■ **Task directions**:
Would you reproduce, word for word, only the lines running from the top of the data through the line containing "中国四大奇書の一つ「金瓶梅」", and none of the pictures?

(Items from a data source)
>>>>>

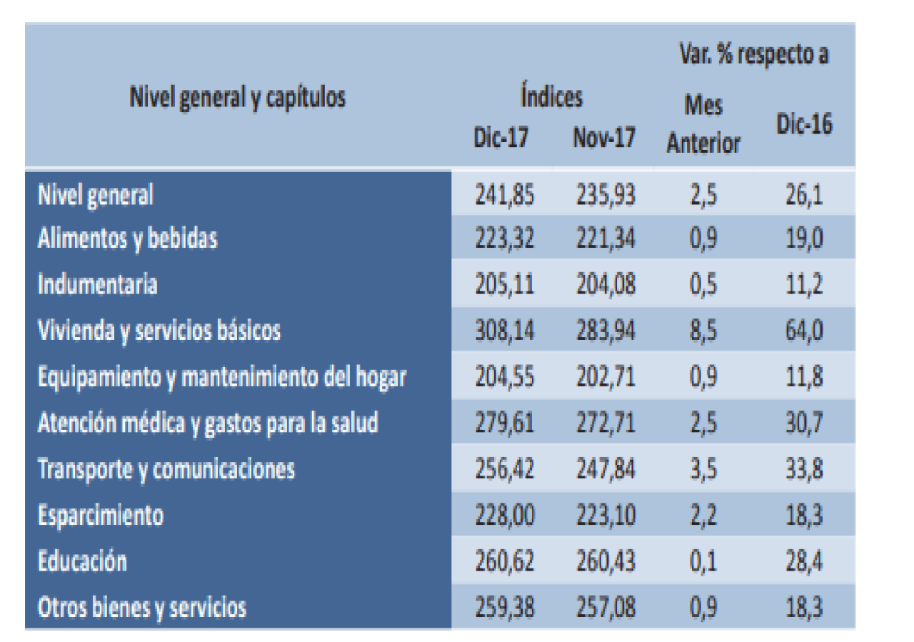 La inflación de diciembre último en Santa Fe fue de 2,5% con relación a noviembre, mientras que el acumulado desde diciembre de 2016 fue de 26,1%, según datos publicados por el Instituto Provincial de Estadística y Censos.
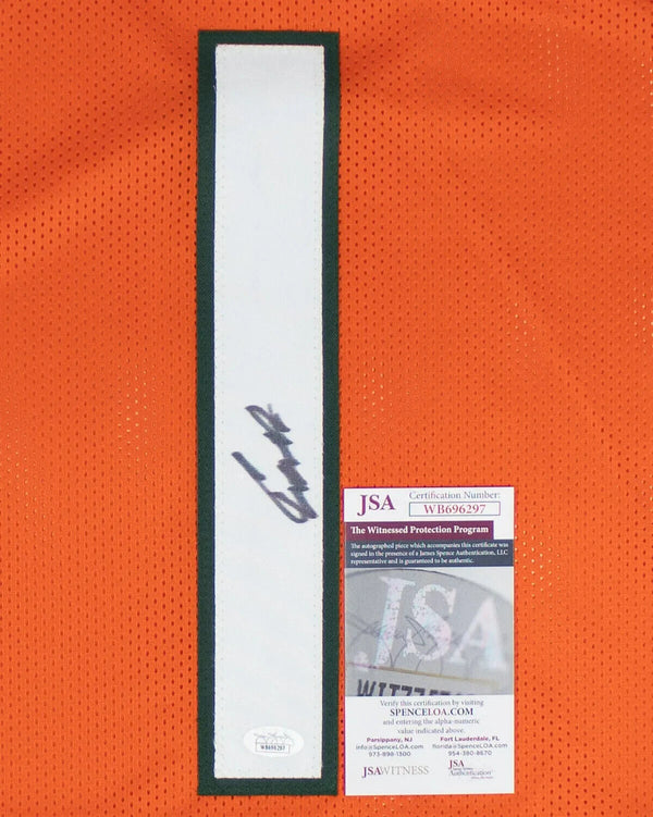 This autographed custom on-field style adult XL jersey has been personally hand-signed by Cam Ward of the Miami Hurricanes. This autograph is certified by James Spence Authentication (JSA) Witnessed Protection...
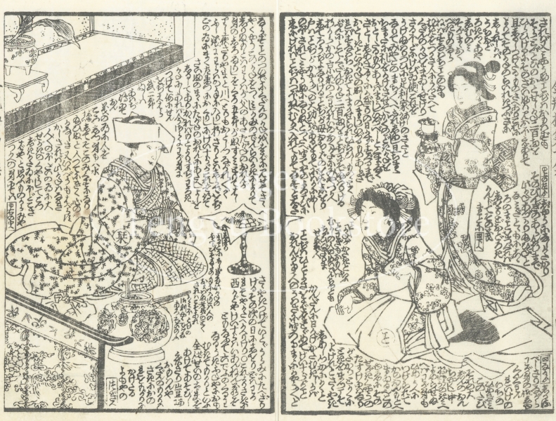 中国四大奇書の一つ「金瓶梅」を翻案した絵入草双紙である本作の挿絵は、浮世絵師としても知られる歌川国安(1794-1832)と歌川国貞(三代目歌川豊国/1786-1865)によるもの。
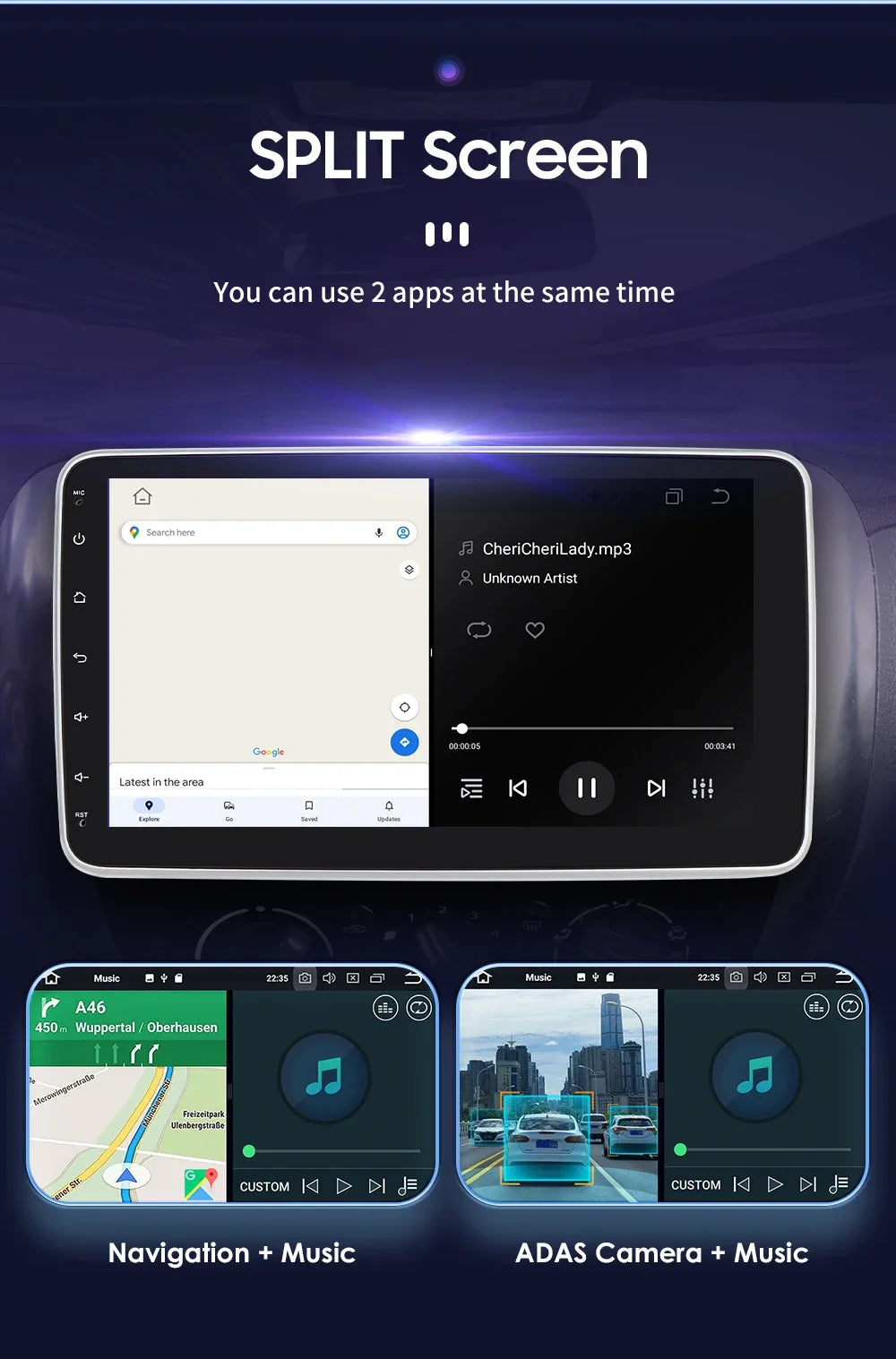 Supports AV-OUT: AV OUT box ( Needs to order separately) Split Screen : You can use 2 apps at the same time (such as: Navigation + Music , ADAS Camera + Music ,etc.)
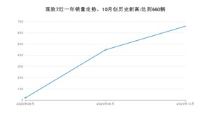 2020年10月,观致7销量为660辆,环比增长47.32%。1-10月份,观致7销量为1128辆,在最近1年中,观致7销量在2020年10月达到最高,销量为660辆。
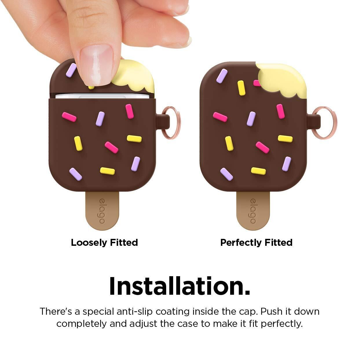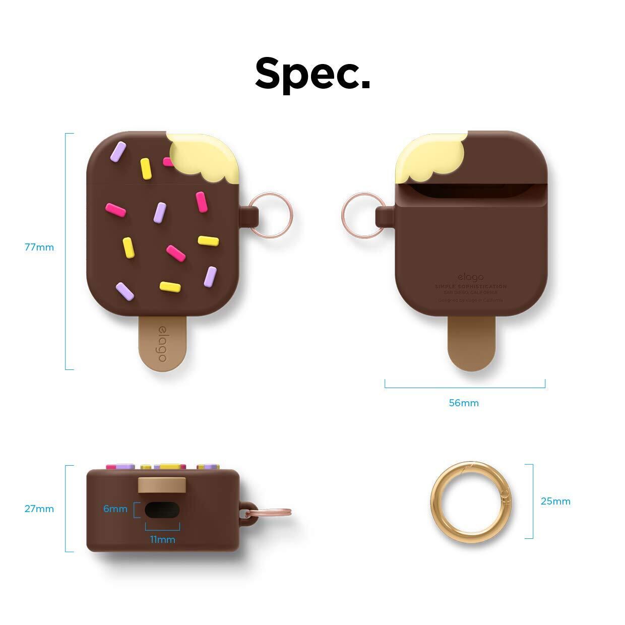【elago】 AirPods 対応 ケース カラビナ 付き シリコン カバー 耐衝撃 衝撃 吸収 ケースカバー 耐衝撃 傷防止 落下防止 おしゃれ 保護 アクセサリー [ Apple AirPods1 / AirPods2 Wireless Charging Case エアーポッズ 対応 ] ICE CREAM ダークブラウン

<<<<<

■ **Finished task**:
 La inflación de diciembre último en Santa Fe fue de 2,5% con relación a noviembre, mientras que el acumulado desde diciembre de 2016 fue de 26,1%, según datos publicados por el Instituto Provincial de Estadística y Censos.
 This autographed custom on-field style adult XL jersey has been personally hand-signed by Cam Ward of the Miami Hurricanes. This autograph is certified by James Spence Authentication (JSA) Witnessed Protection...
 中国四大奇書の一つ「金瓶梅」を翻案した絵入草双紙である本作の挿絵は、浮世絵師としても知られる歌川国安(1794-1832)と歌川国貞(三代目歌川豊国/1786-1865)によるもの。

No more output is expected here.